Task instructions:
Give the whole listing below once more, exactly, without pictures.

Dataset section:
- Opening Delimiter -

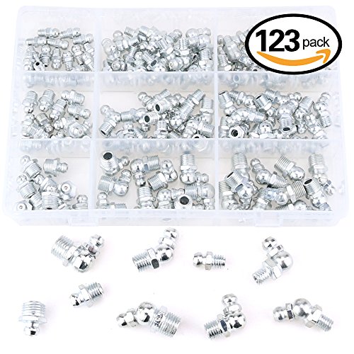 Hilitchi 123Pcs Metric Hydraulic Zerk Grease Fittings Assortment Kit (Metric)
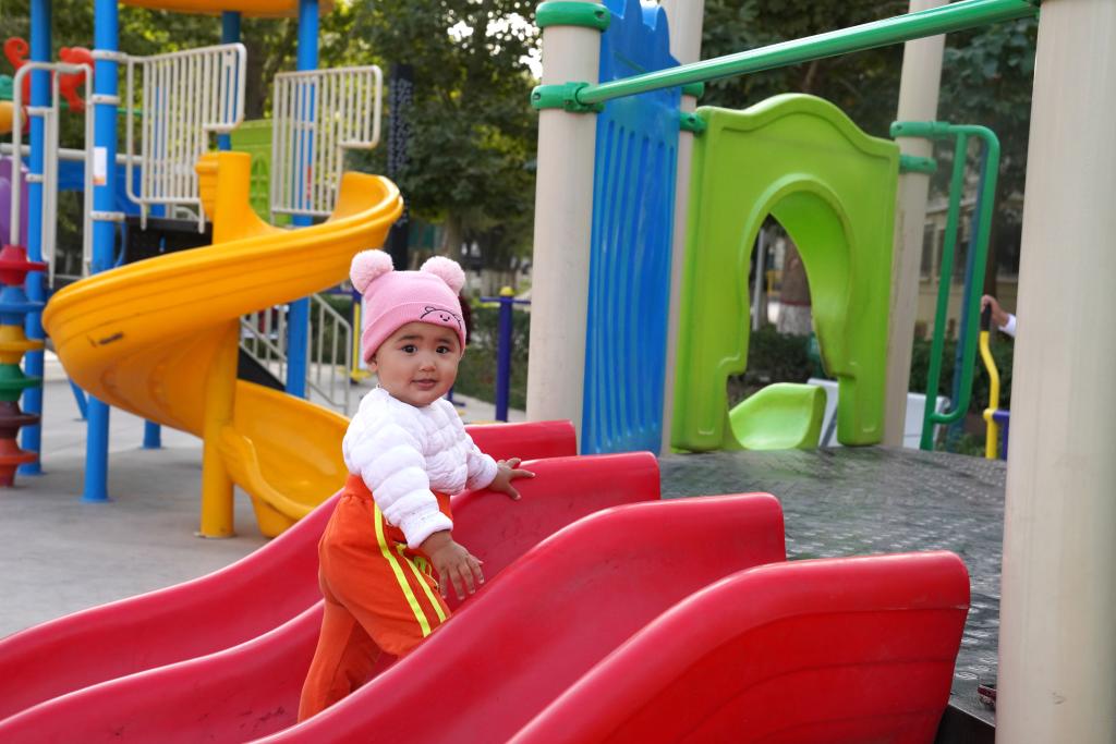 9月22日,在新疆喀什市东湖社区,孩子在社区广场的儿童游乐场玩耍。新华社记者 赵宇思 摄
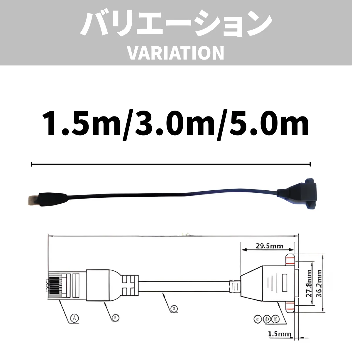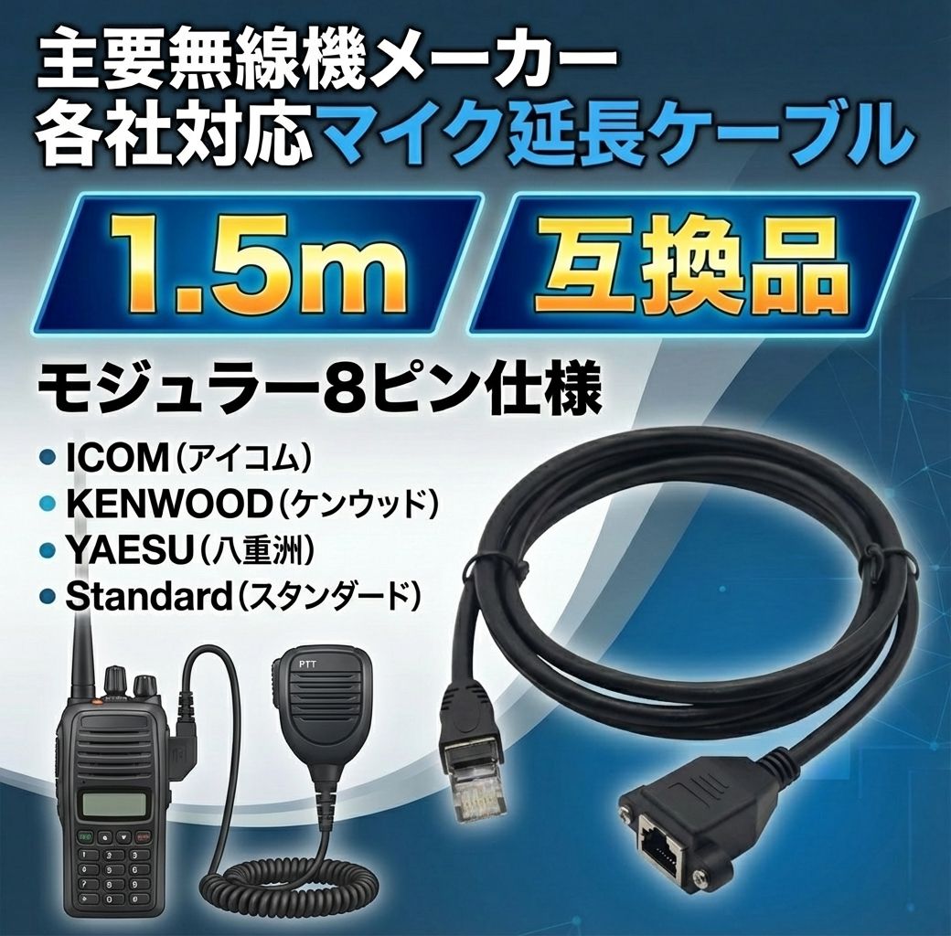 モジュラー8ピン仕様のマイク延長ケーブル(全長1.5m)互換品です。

- Closing Delimiter -

Problem solution:
 Hilitchi 123Pcs Metric Hydraulic Zerk Grease Fittings Assortment Kit (Metric)
 9月22日,在新疆喀什市东湖社区,孩子在社区广场的儿童游乐场玩耍。新华社记者 赵宇思 摄
 モジュラー8ピン仕様のマイク延長ケーブル(全長1.5m)互換品です。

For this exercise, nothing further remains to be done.